### The problem
All records are to be reproduced verbatim, with images omitted.

[Stored records]
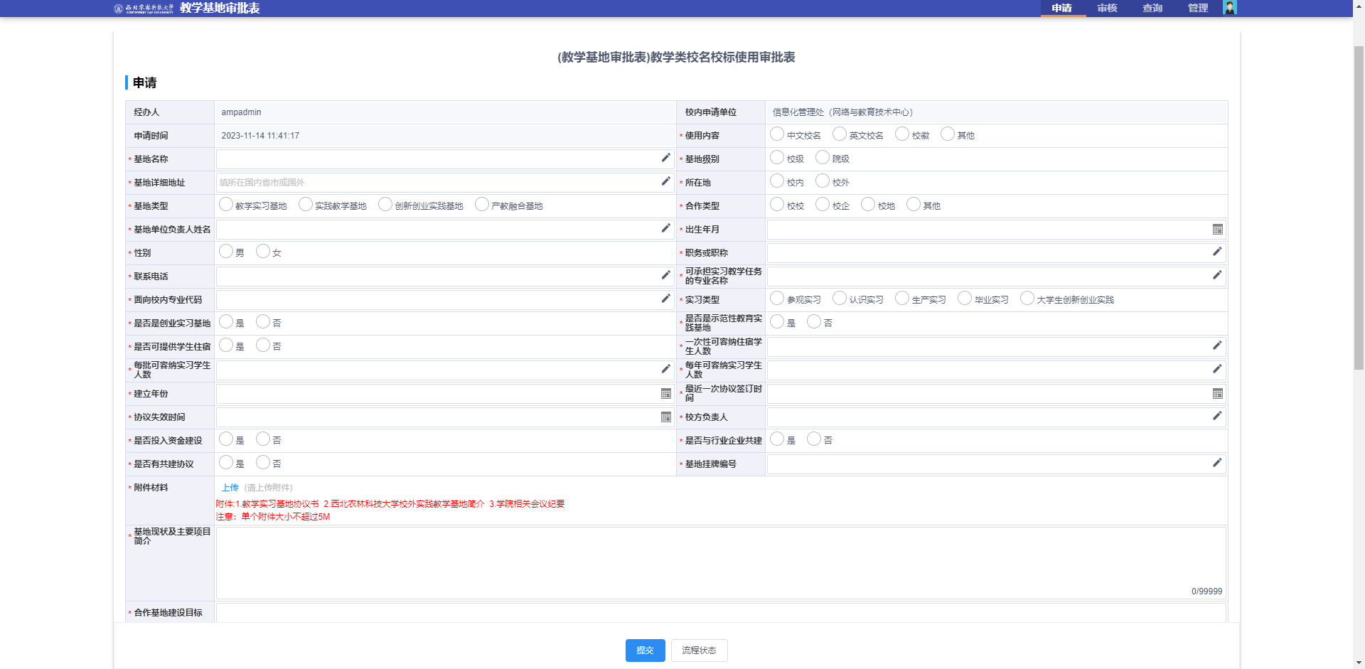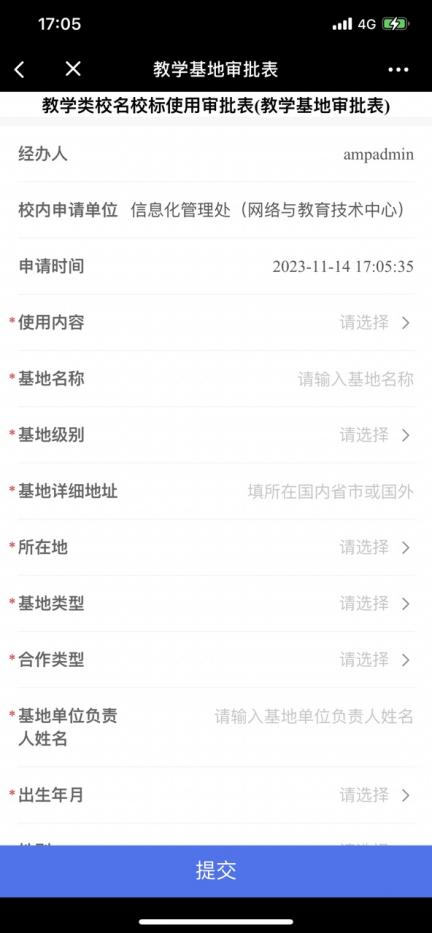 教学基地审批表申请界面如下图
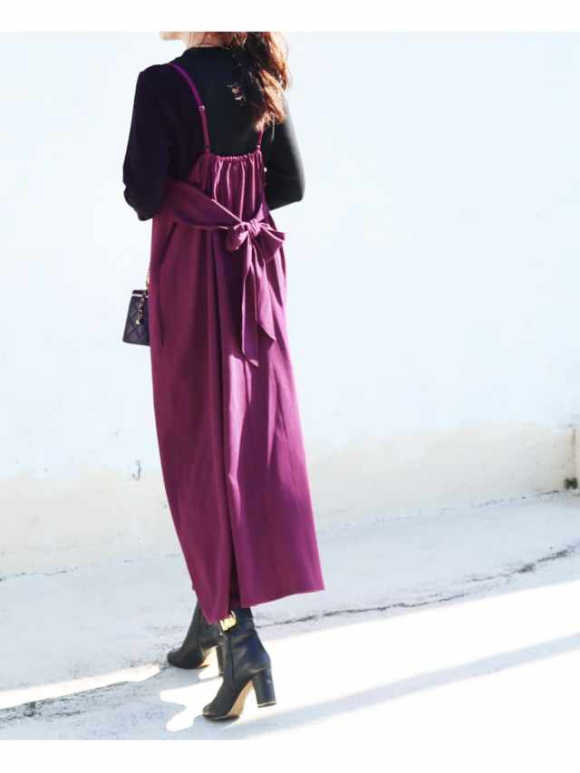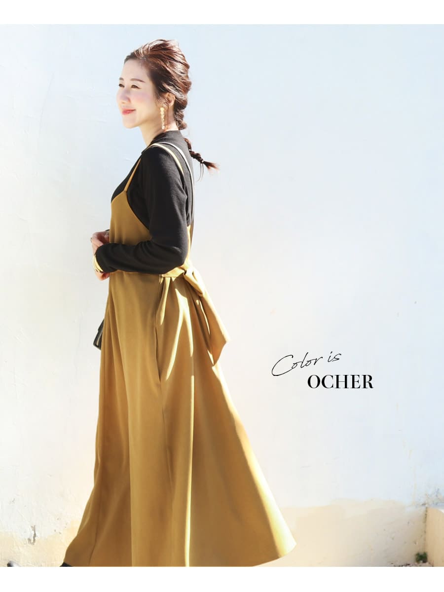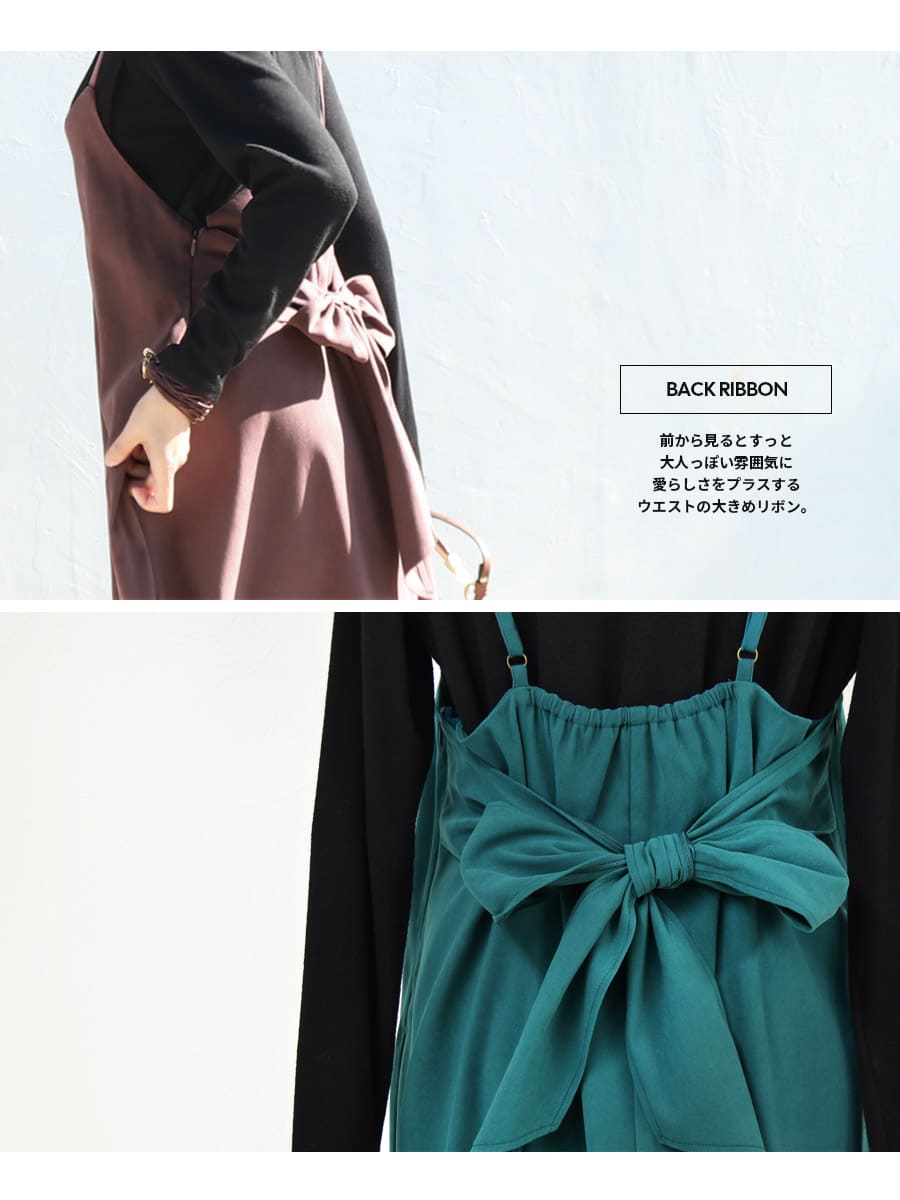 ワンピースはフレアーラインのシンプルなキャミワンピースをベースに後ろに大きなリボンをあしらった愛らしいデザイン。
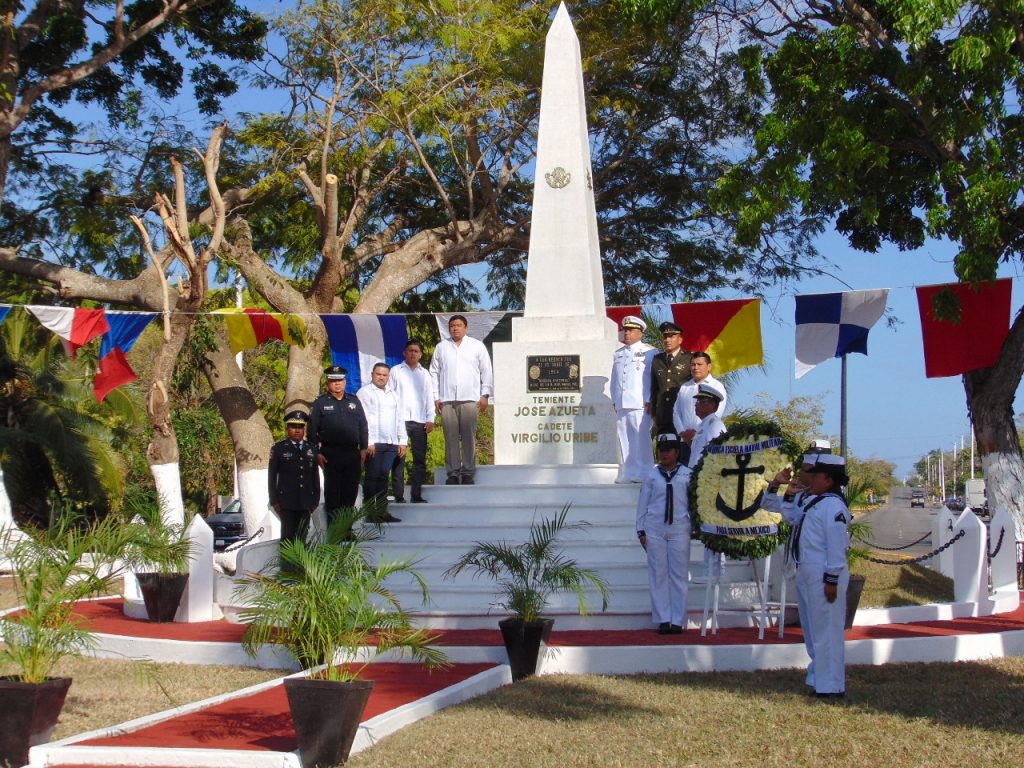 Cabe recordar que el 21 de abril de 1914 es una fecha histórica para esta Institución, en la que el pueblo veracruzano, junto con el Teniente José Azueta y el Cadete Virgilio Uribe, así como sus compañeros de armas, efectuaron con honor y valentía la defensa de la patria, preservando la Soberanía Nacional, enfrentando a las tropas estadounidenses que invadieron el puerto de Veracruz, dejando un legado que hoy prevalece en esta noble Institución, cuya misión es Servir a México.
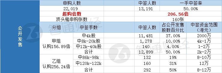 其中,公开配售申购人数为2.20万,一手中签率50%,认购倍数206.56倍。
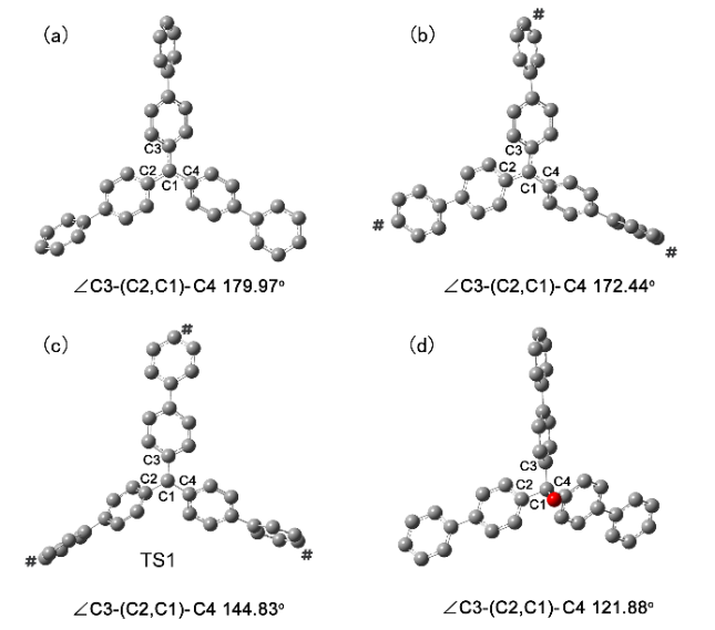 圖2. The optimized energy minimum structures of free (a) and fixed (b) tri(4-biphenyl)carbonium, and TS1 of fixed tri(4-biphenyl)carbonium interacting with imine (c), and tri(4-biphenyl)carbinol (d).
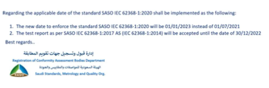 IEC 62368-1: 2018 (即SASO IEC 62368-1:2020) 的強(qiáng)制執(zhí)行日期延后至2023年1月1日 ,也就是自2023年1月1日起將不再接受IEC 62368-1:2014第二版的CB證書與報(bào)告,只接受IEC 62368-1:2018(第三版)的CB證書與報(bào)告 。
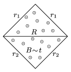 P. 4957. The sides of a square-shaped frame, shown in the figure are made of wires of resistances \(\displaystyle r_1\) and \(\displaystyle r_2\). The frame is in uniform magnetic field, which is perpendicular to the plane of the figure and is increasing at a constant rate. What should the resistance \(\displaystyle R\) of the wire connected across the diagonal of the frame be, in order that this wire is warmed up at the greatest rate?
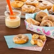 10 mini donitas con base , 1 tipo de fruta y topping a elegir
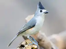The black-crested titmouse or Mexican titmouse (Baeolophus atricristatus), is a passerine bird in the tit family Paridae. Once considered a subspecies of the tufted titmouse (B. bicolor), it was recognized as a separate species[2] in 2002. It is native to southern Texas, Oklahoma, and east-central Mexico. Vagrants have been seen as far north and east as St. Louis, Missouri.
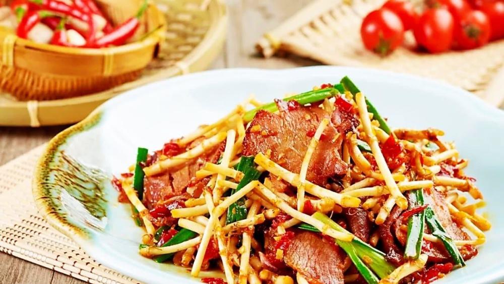 折耳根炒腊肉是贵州的一道名菜,也是一道家常开胃菜,具有提神醒脑的特点。折耳根就是鱼腥草,吃起来香脆爽口,可以清热解毒,但是有一些人不能接受它的气味。
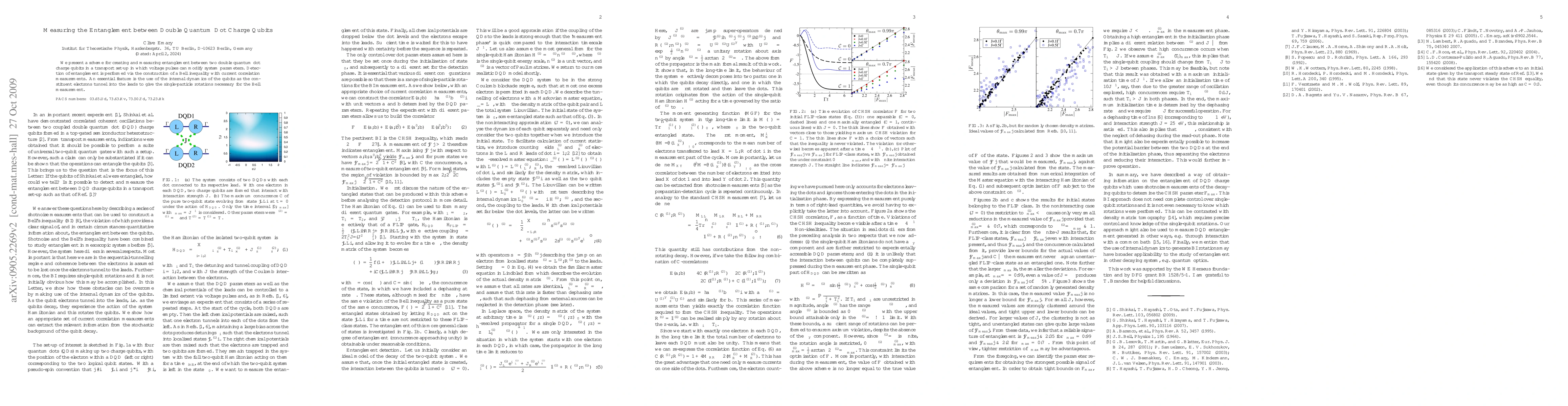 This paper proposes a method for creating and detecting entanglement between two double quantum dot charge qubits using voltage pulses to modify system parameters, and employs current correlation measurements to establish a Bell inequality for entanglement verification.
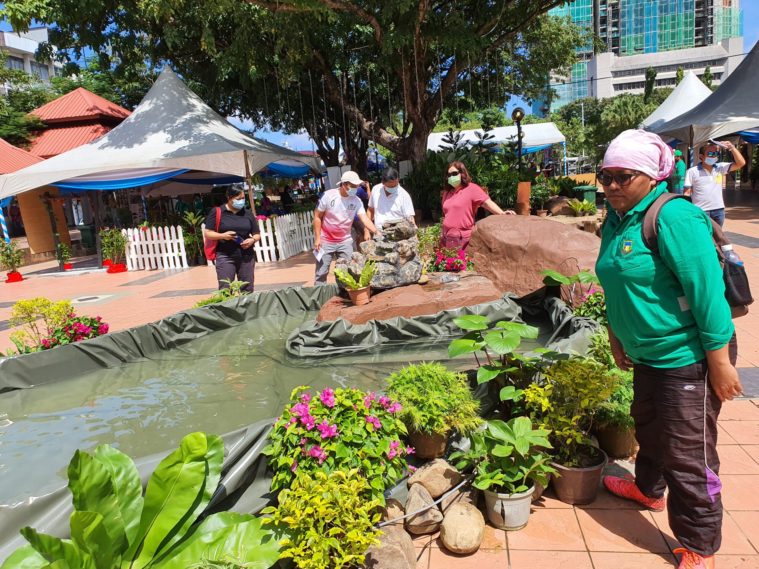 FINISHING TOUCHES...Kota Kinabalu City Hall (DBKK) was making final preparations on Sunday for the launching of the Five-Year Kota Kinabalu Landscape Beautification Blueprint (2021-2025) by Chief Minister Datuk Seri Mohd Shafie Apdal today (Monday) at Taman Chong Tien Vun.
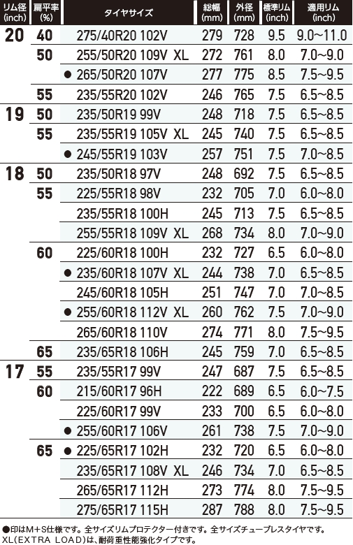 【サイズラインアップ】
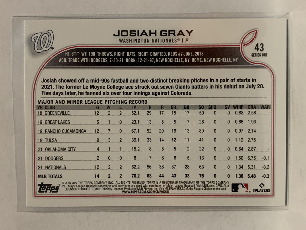 #43 Josiah Gray Rookie Royal Blue Washington Nationals 2022 Topps Series One Baseball Card MLB
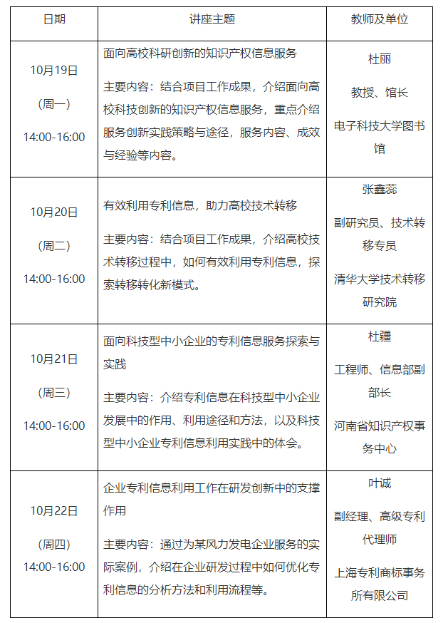 摘要:国家知识产权局专利文献馆将于10月19日-10月22日举办“高校、企业专利信息利用实务”专题公益讲座。
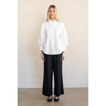 Blouse en lin blanc à nouer sur le devant Style EuroChic d'automne en vente B2B
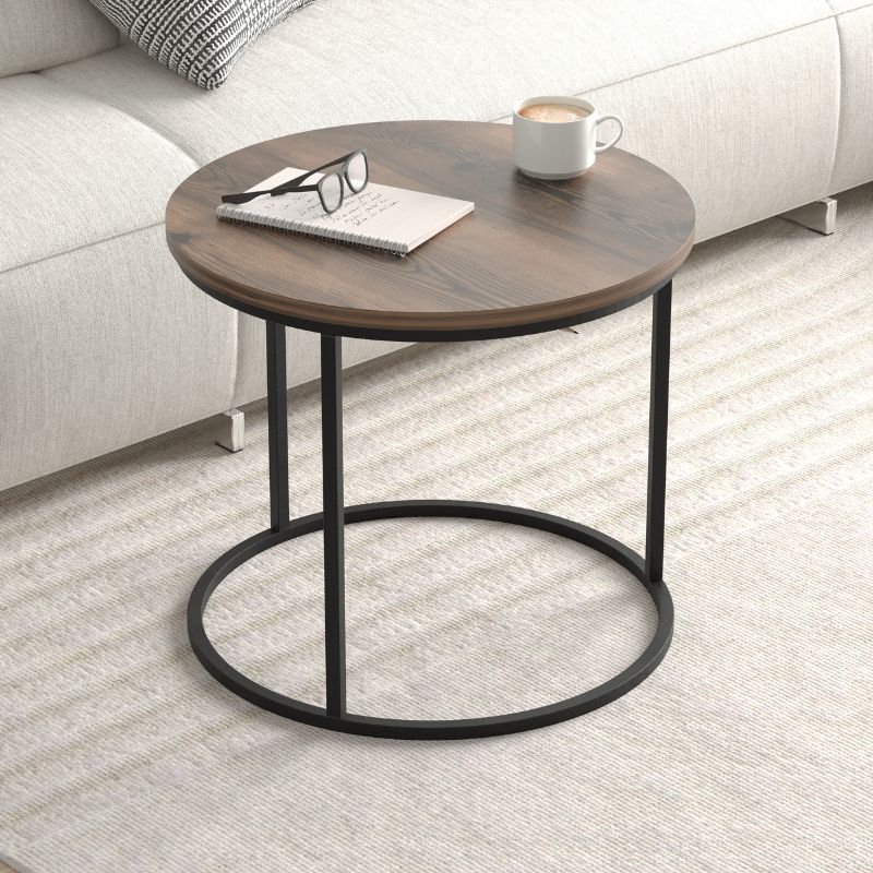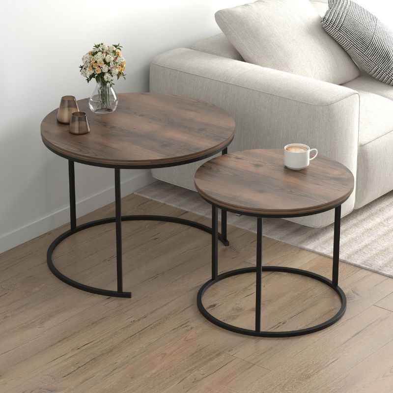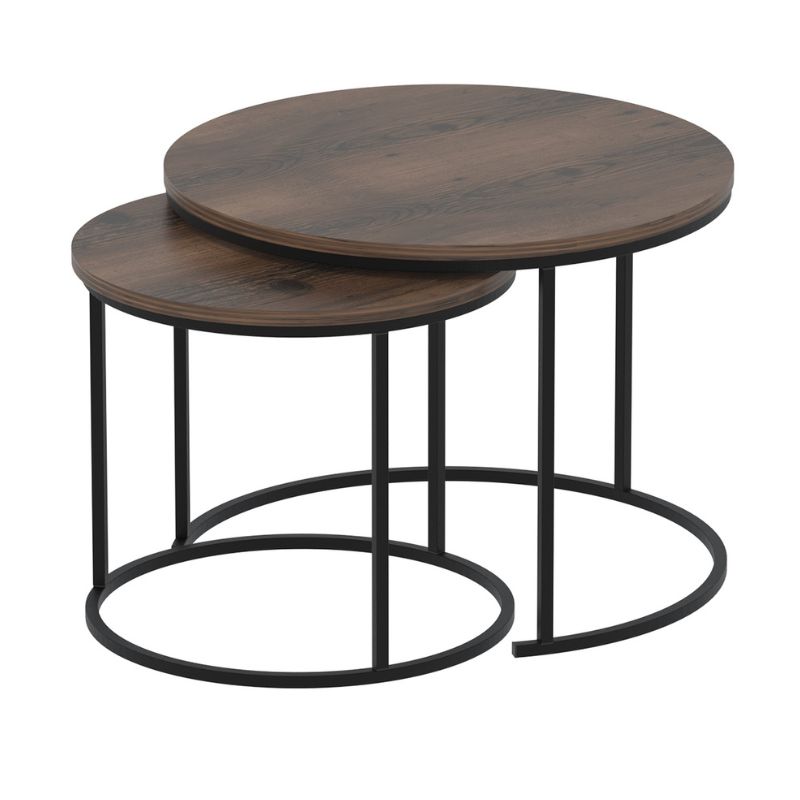 Τραπεζάκι σαλονιού σετ 2 τμχ Hilal Megapap χρώμα καπνιστή καρυδιά Ø66×49,5εκ.
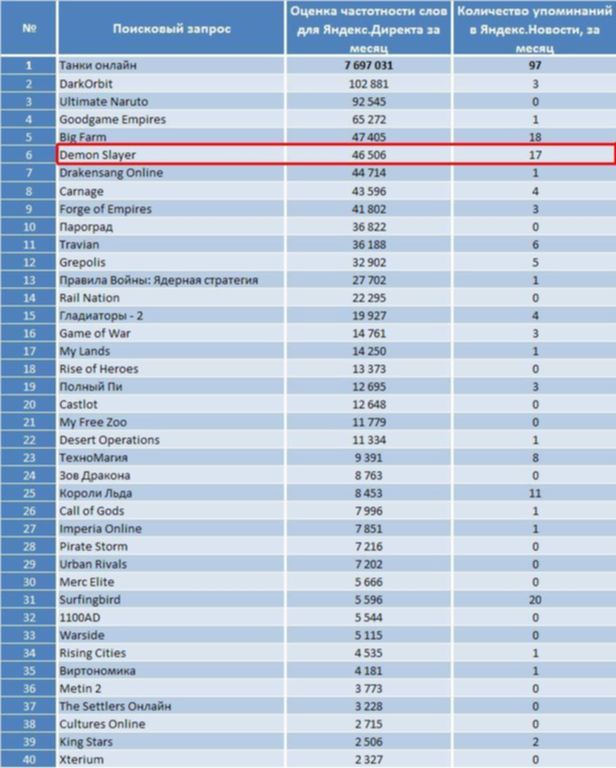 - Еще одним важным компонентом для определения популярности компьютерной игры является количество упоминаний в различных СМИ. Так, в новостной ленте сервиса Яндекс.Новости игра «Demon Slayer» фигурировала 17 раз. Эксперты уверены, что это отличный показатель для браузерной игры, при том что многие проекты данного направления практически не имеют поддержки СМИ.

### Solution to the exercise
 教学基地审批表申请界面如下图
 ワンピースはフレアーラインのシンプルなキャミワンピースをベースに後ろに大きなリボンをあしらった愛らしいデザイン。
 Cabe recordar que el 21 de abril de 1914 es una fecha histórica para esta Institución, en la que el pueblo veracruzano, junto con el Teniente José Azueta y el Cadete Virgilio Uribe, así como sus compañeros de armas, efectuaron con honor y valentía la defensa de la patria, preservando la Soberanía Nacional, enfrentando a las tropas estadounidenses que invadieron el puerto de Veracruz, dejando un legado que hoy prevalece en esta noble Institución, cuya misión es Servir a México.
 其中,公开配售申购人数为2.20万,一手中签率50%,认购倍数206.56倍。
 圖2. The optimized energy minimum structures of free (a) and fixed (b) tri(4-biphenyl)carbonium, and TS1 of fixed tri(4-biphenyl)carbonium interacting with imine (c), and tri(4-biphenyl)carbinol (d).
 IEC 62368-1: 2018 (即SASO IEC 62368-1:2020) 的強(qiáng)制執(zhí)行日期延后至2023年1月1日 ,也就是自2023年1月1日起將不再接受IEC 62368-1:2014第二版的CB證書與報(bào)告,只接受IEC 62368-1:2018(第三版)的CB證書與報(bào)告 。
 P. 4957. The sides of a square-shaped frame, shown in the figure are made of wires of resistances \(\displaystyle r_1\) and \(\displaystyle r_2\). The frame is in uniform magnetic field, which is perpendicular to the plane of the figure and is increasing at a constant rate. What should the resistance \(\displaystyle R\) of the wire connected across the diagonal of the frame be, in order that this wire is warmed up at the greatest rate?
 10 mini donitas con base , 1 tipo de fruta y topping a elegir
The black-crested titmouse or Mexican titmouse (Baeolophus atricristatus), is a passerine bird in the tit family Paridae. Once considered a subspecies of the tufted titmouse (B. bicolor), it was recognized as a separate species[2] in 2002. It is native to southern Texas, Oklahoma, and east-central Mexico. Vagrants have been seen as far north and east as St. Louis, Missouri.
 折耳根炒腊肉是贵州的一道名菜,也是一道家常开胃菜,具有提神醒脑的特点。折耳根就是鱼腥草,吃起来香脆爽口,可以清热解毒,但是有一些人不能接受它的气味。
 This paper proposes a method for creating and detecting entanglement between two double quantum dot charge qubits using voltage pulses to modify system parameters, and employs current correlation measurements to establish a Bell inequality for entanglement verification.
 FINISHING TOUCHES...Kota Kinabalu City Hall (DBKK) was making final preparations on Sunday for the launching of the Five-Year Kota Kinabalu Landscape Beautification Blueprint (2021-2025) by Chief Minister Datuk Seri Mohd Shafie Apdal today (Monday) at Taman Chong Tien Vun.
 【サイズラインアップ】
 #43 Josiah Gray Rookie Royal Blue Washington Nationals 2022 Topps Series One Baseball Card MLB
 摘要:国家知识产权局专利文献馆将于10月19日-10月22日举办“高校、企业专利信息利用实务”专题公益讲座。
 Blouse en lin blanc à nouer sur le devant Style EuroChic d'automne en vente B2B
 Τραπεζάκι σαλονιού σετ 2 τμχ Hilal Megapap χρώμα καπνιστή καρυδιά Ø66×49,5εκ.
 - Еще одним важным компонентом для определения популярности компьютерной игры является количество упоминаний в различных СМИ. Так, в новостной ленте сервиса Яндекс.Новости игра «Demon Slayer» фигурировала 17 раз. Эксперты уверены, что это отличный показатель для браузерной игры, при том что многие проекты данного направления практически не имеют поддержки СМИ.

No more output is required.